A research team that included a UChicago graduate student has discovered a planet that is estimated to be twice the size of earth. The planet located 226 light-years away from Earth within a star’s habitable zone.
Moreover, the planet known as K2-288Bb could either be rocky or a gas-rich planet similar to Neptune in our own solar system. Within the system, there are two stars; K2-288Bb orbits the smaller star.
Adina Feinstein, lead author of a paper describing the new planet said, “It’s a very exciting discovery due to how it was found; its equilibrium temperature, which likely is similar to Earth’s; and because planets of this size seem to be relatively uncommon.
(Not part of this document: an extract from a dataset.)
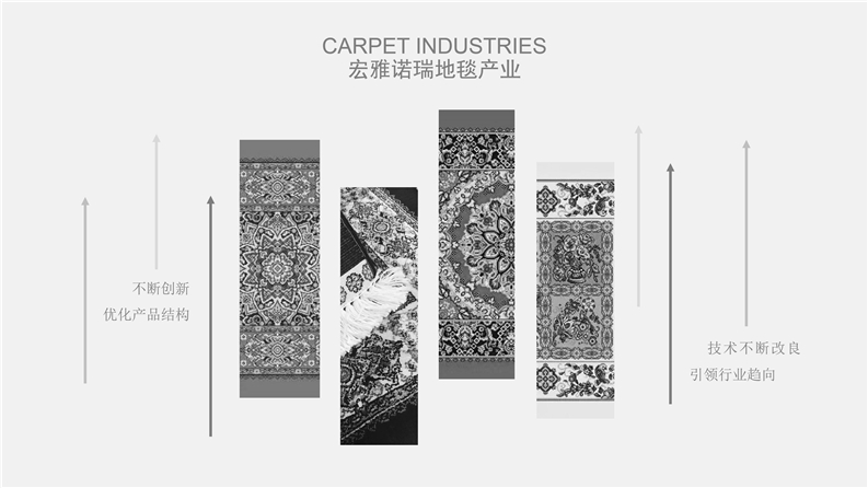 宏雅諾瑞地毯產業品牌多年來依據國際潮流的先進設計、管理理念,結合世界各民族的文化、生活習俗,所生產的地毯堪稱精品,選料十分考究做工精細,以現代流行圖案設計,時尚配色結合先進的地毯制造工藝,竭誠為客戶提供最高質量的地毯產品,發展中的宏雅地毯品牌前景廣闊。

We probably only know about a handful of planets this size.”
Estimated at about 1.9 times Earth’s size, K2-288Bb is half the size of Neptune. This places it within a recently recognized category called the radius gap. Among planets that orbit close to their stars, there’s a curious dearth of worlds between about 1.5 and two times Earth’s size.
Scientists think this is due to intense starlight eroding away the atmospheres of some planets over time. Since K2-288Bb’s radius places it in this gap, it may provide a case study for how planets evolve within this size range.
The planet has been placed within the ‘Fulton Gap’ category because scientists believe a gap is created due to intense starlight breaking up atmospheric molecules. This phenomenon also erodes the atmosphere of planets.
The study is published in the Astronomical Journal.